WHAT IS BEING ASKED
With the images set aside, retype every record below character for character.

[Entries taken from a collection]
----
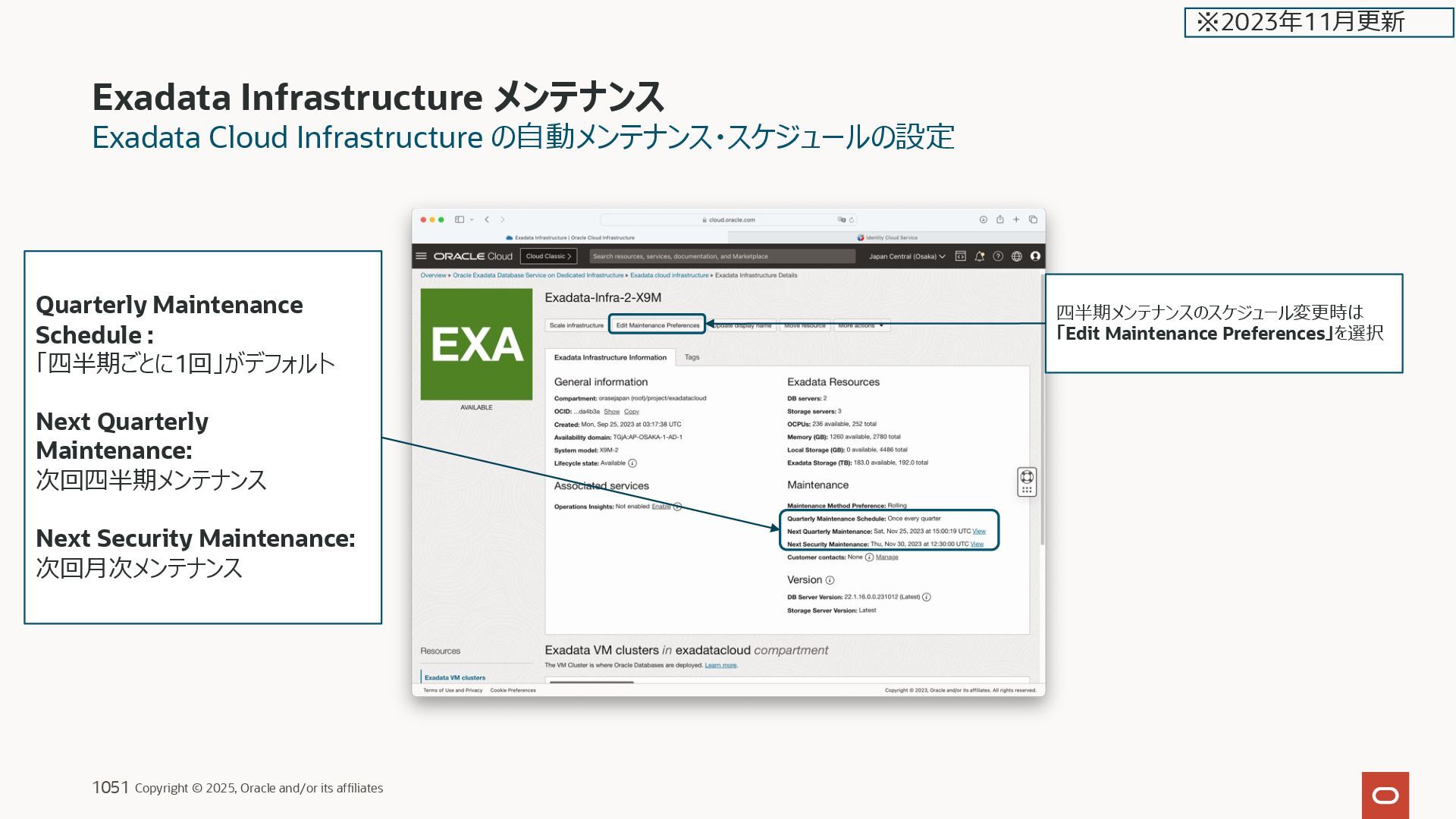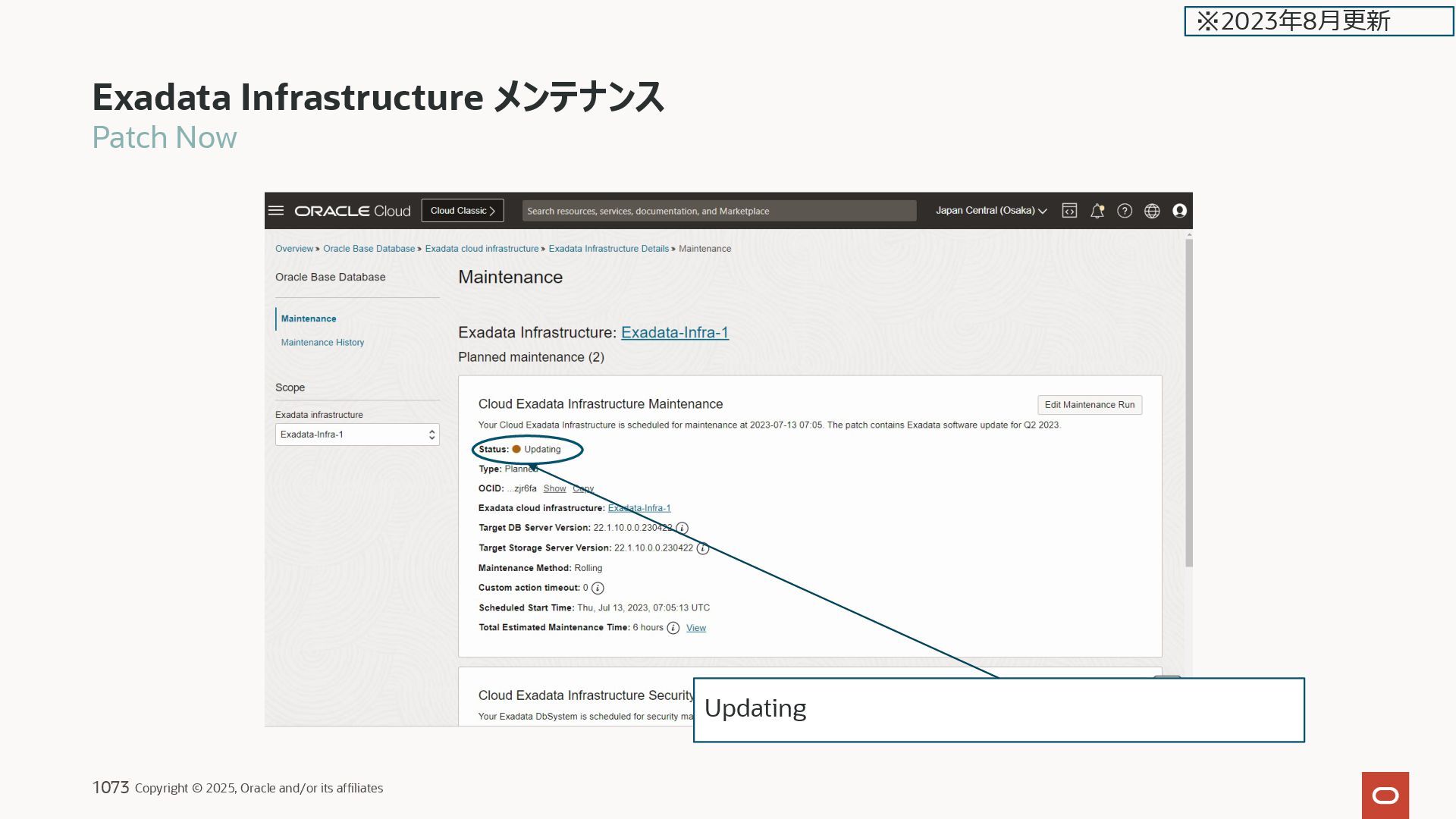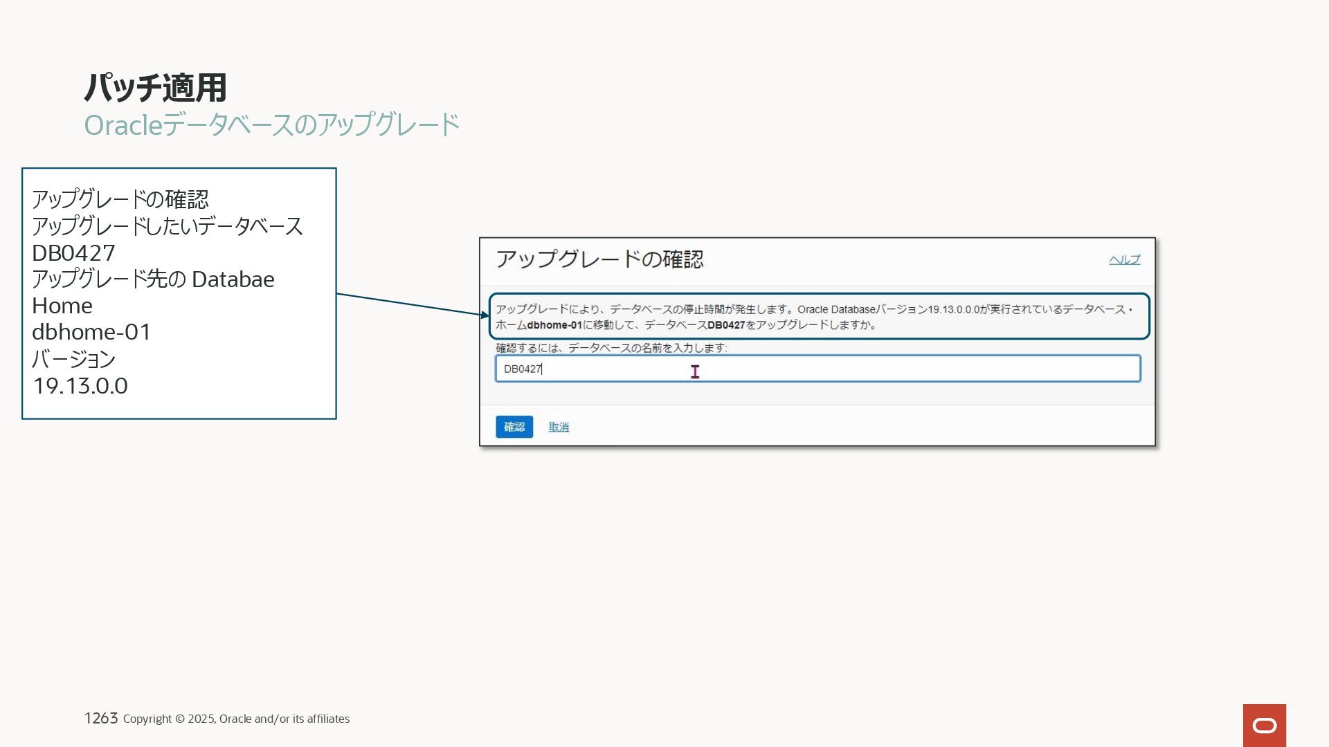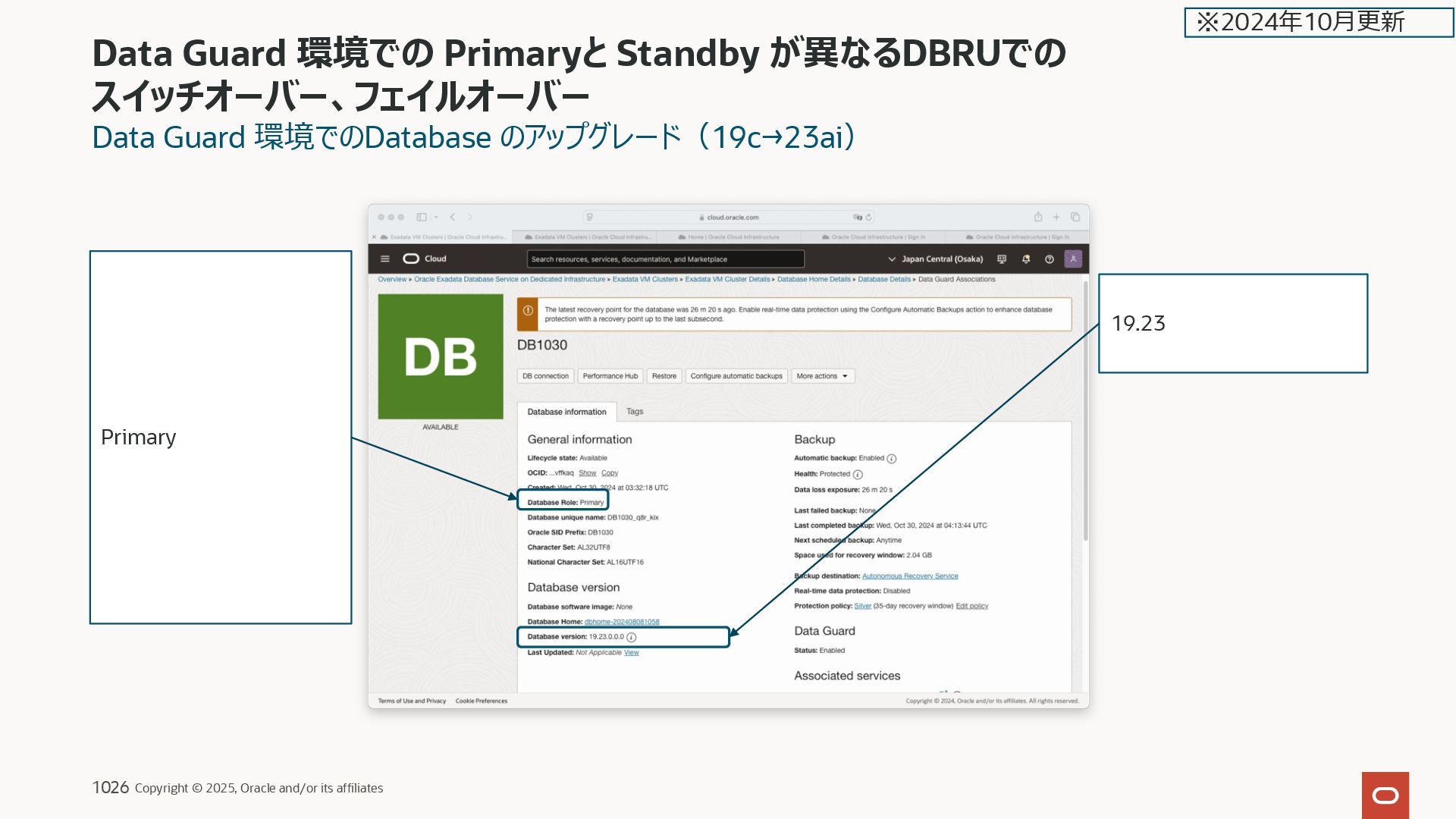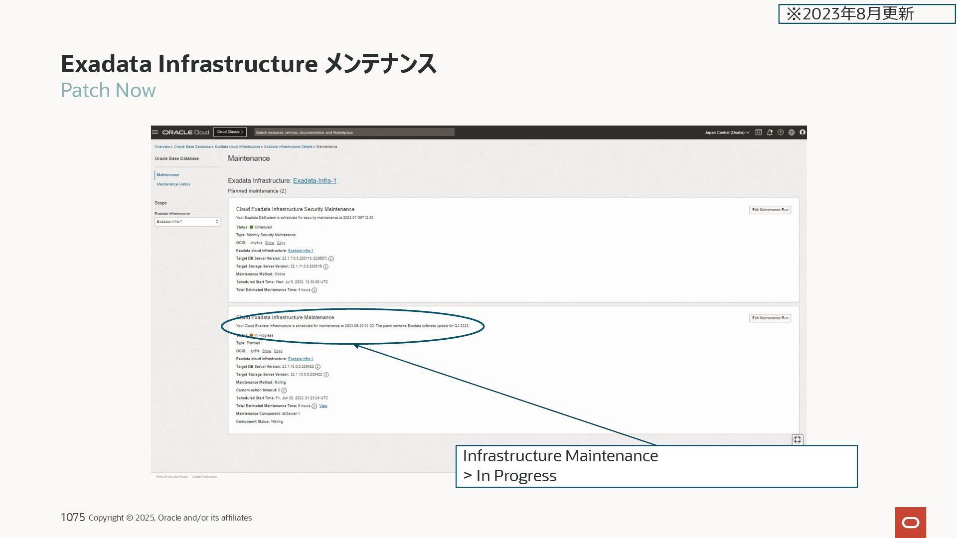 2025-04-03T01:31:51.131744+00:00 SQL> ALTER DISKGROUP DATAC2 DROP DISK 'DATAC2_CD_00_kix101117exdcl10', 'DATAC2_CD_01_kix101117exdcl10', 'DATAC2_CD_02_kix101117exdcl10', 'DATAC2_CD_03_kix101117exdcl10', 'DATAC2_CD_04_kix101117exdcl10', 'DATAC2_CD_05_kix101117exdcl10', 'DATAC2_CD_06_kix101117exdcl10', 'DATAC2_CD_07_kix101117exdcl10', 'DATAC2_CD_08_kix101117exdcl10', 'DATAC2_CD_09_kix101117exdcl10', 'DATAC2_CD_10_kix101117exdcl10', 'DATAC2_CD_11_kix101117exdcl10' REBALANCE POWER 4 略 SUCCESS: ALTER DISKGROUP RECOC2 DROP DISK 'RECOC2_CD_00_kix101117exdcl10', 'RECOC2_CD_01_kix101117exdcl10', 'RECOC2_CD_02_kix101117exdcl10', 'RECOC2_CD_03_kix101117exdcl10', 'RECOC2_CD_04_kix101117exdcl10', 'RECOC2_CD_05_kix101117exdcl10', 'RECOC2_CD_06_kix101117exdcl10', 'RECOC2_CD_07_kix101117exdcl10', 'RECOC2_CD_08_kix101117exdcl10', 'RECOC2_CD_09_kix101117exdcl10', 'RECOC2_CD_10_kix101117exdcl10', 'RECOC2_CD_11_kix101117exdcl10' REBALANCE POWER 4 NOTE: Attempting voting file refresh on diskgroup RECOC2 NOTE: Refresh completed on diskgroup RECOC2. No voting file found. 2025-04-03T01:32:19.466977+00:00 Exadata Infrastructure Copyright © 2025, Oracle and/or its affiliates 132 ※2025年4⽉更新
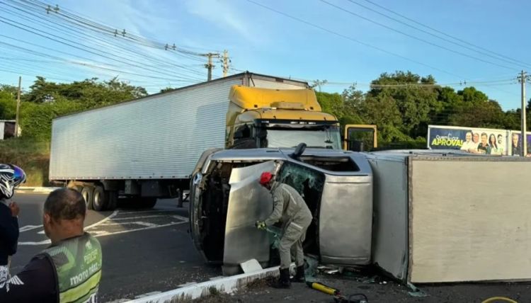 De acordo com as informações da Polícia Rodoviária Federal (PRF), ocorreu um acidente do tipo colisão lateral, seguida de tombamento envolvendo os veículos FORD/F250 e SCANIA/G 400.
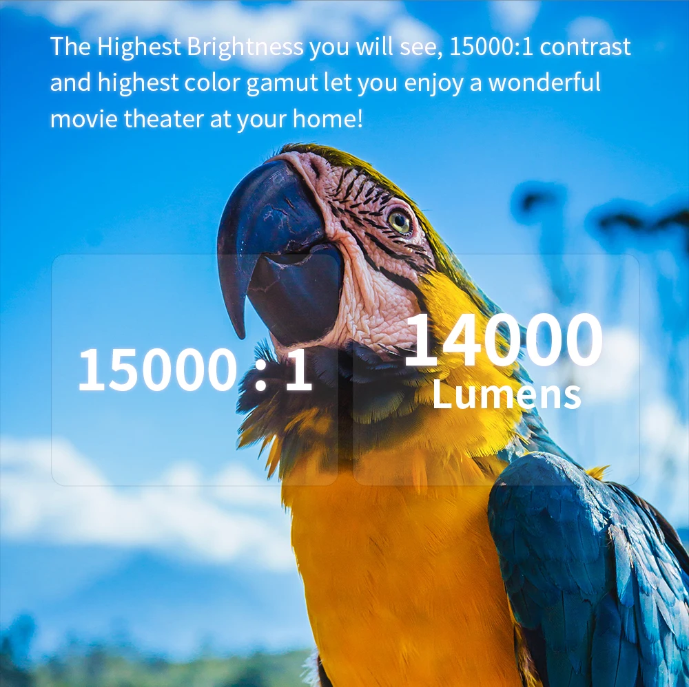 Full HD 1080P Projector upgraded technology with super bright LED and LCD display, 14000 Lumens Brightness ,15000:1 high contrast ensure wider color gamut and clearest images for indoor and outdoor movie watching.
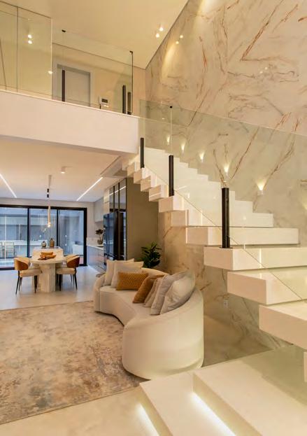 A cozinha interna tem ligação com a área gourmet, com a sala de jantar e com a sala de estar, priorizando os tons neutros. Todo esse ambiente recebe o Marmo D’oro nas paredes, que está em equilíbrio com a Pedra Calacata acetinada da bancada e da mesa, e com a escada que leva ao segundo andar, planejada em pedra Nanoglass branca com acabamento cristalizado.
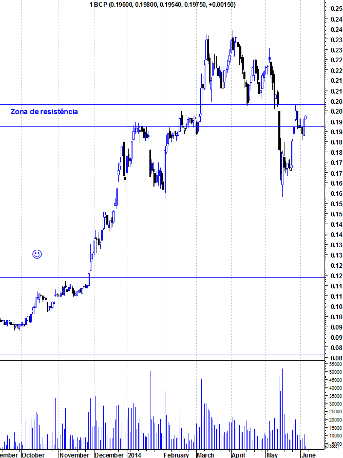 Deixo aqui os gráficos actualizados do BCP, com a acção a namorar a sua zona de resistência.
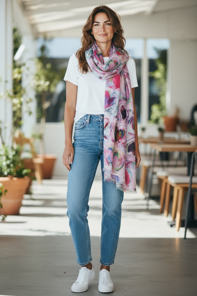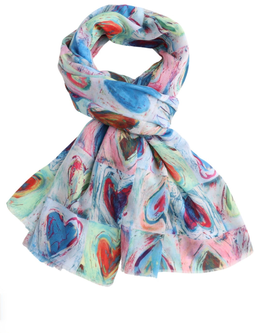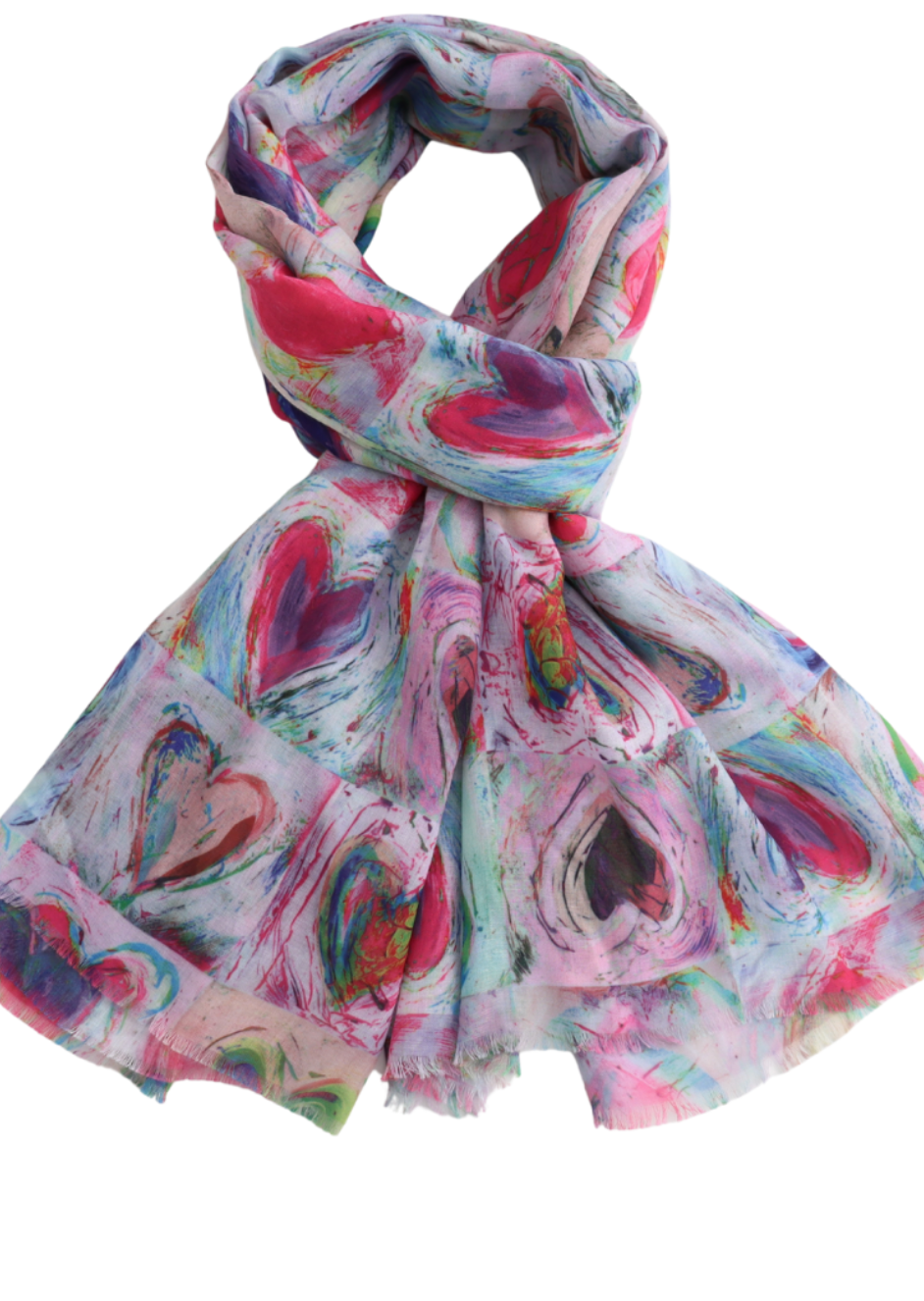 Beautiful washed multi print heart scarves. The perfect gift of love.
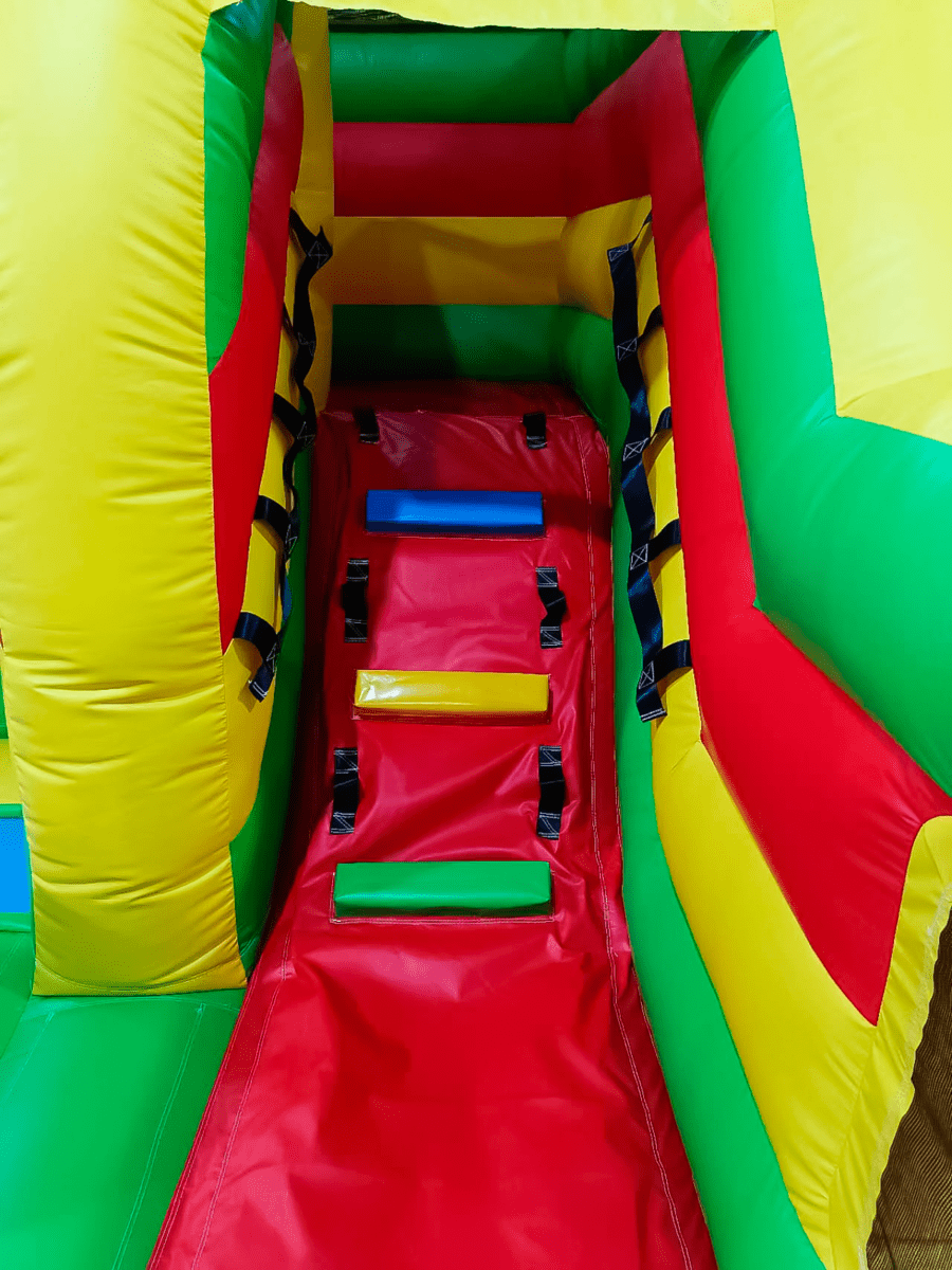 ПВХ материал батута «Сафари-джунгли ЭКСТРА» полностью безопасен, не выделяет токсинов. Устойчив к жаре и небольшим морозам, что позволяет эксплуатировать надувной батут на открытом воздухе или под крышей в коммерческих целях.
----
RESULT FOR THIS EXERCISE
 2025-04-03T01:31:51.131744+00:00 SQL> ALTER DISKGROUP DATAC2 DROP DISK 'DATAC2_CD_00_kix101117exdcl10', 'DATAC2_CD_01_kix101117exdcl10', 'DATAC2_CD_02_kix101117exdcl10', 'DATAC2_CD_03_kix101117exdcl10', 'DATAC2_CD_04_kix101117exdcl10', 'DATAC2_CD_05_kix101117exdcl10', 'DATAC2_CD_06_kix101117exdcl10', 'DATAC2_CD_07_kix101117exdcl10', 'DATAC2_CD_08_kix101117exdcl10', 'DATAC2_CD_09_kix101117exdcl10', 'DATAC2_CD_10_kix101117exdcl10', 'DATAC2_CD_11_kix101117exdcl10' REBALANCE POWER 4 略 SUCCESS: ALTER DISKGROUP RECOC2 DROP DISK 'RECOC2_CD_00_kix101117exdcl10', 'RECOC2_CD_01_kix101117exdcl10', 'RECOC2_CD_02_kix101117exdcl10', 'RECOC2_CD_03_kix101117exdcl10', 'RECOC2_CD_04_kix101117exdcl10', 'RECOC2_CD_05_kix101117exdcl10', 'RECOC2_CD_06_kix101117exdcl10', 'RECOC2_CD_07_kix101117exdcl10', 'RECOC2_CD_08_kix101117exdcl10', 'RECOC2_CD_09_kix101117exdcl10', 'RECOC2_CD_10_kix101117exdcl10', 'RECOC2_CD_11_kix101117exdcl10' REBALANCE POWER 4 NOTE: Attempting voting file refresh on diskgroup RECOC2 NOTE: Refresh completed on diskgroup RECOC2. No voting file found. 2025-04-03T01:32:19.466977+00:00 Exadata Infrastructure Copyright © 2025, Oracle and/or its affiliates 132 ※2025年4⽉更新
 De acordo com as informações da Polícia Rodoviária Federal (PRF), ocorreu um acidente do tipo colisão lateral, seguida de tombamento envolvendo os veículos FORD/F250 e SCANIA/G 400.
 Full HD 1080P Projector upgraded technology with super bright LED and LCD display, 14000 Lumens Brightness ,15000:1 high contrast ensure wider color gamut and clearest images for indoor and outdoor movie watching.
 A cozinha interna tem ligação com a área gourmet, com a sala de jantar e com a sala de estar, priorizando os tons neutros. Todo esse ambiente recebe o Marmo D’oro nas paredes, que está em equilíbrio com a Pedra Calacata acetinada da bancada e da mesa, e com a escada que leva ao segundo andar, planejada em pedra Nanoglass branca com acabamento cristalizado.
 Deixo aqui os gráficos actualizados do BCP, com a acção a namorar a sua zona de resistência.
 Beautiful washed multi print heart scarves. The perfect gift of love.
 ПВХ материал батута «Сафари-джунгли ЭКСТРА» полностью безопасен, не выделяет токсинов. Устойчив к жаре и небольшим морозам, что позволяет эксплуатировать надувной батут на открытом воздухе или под крышей в коммерческих целях.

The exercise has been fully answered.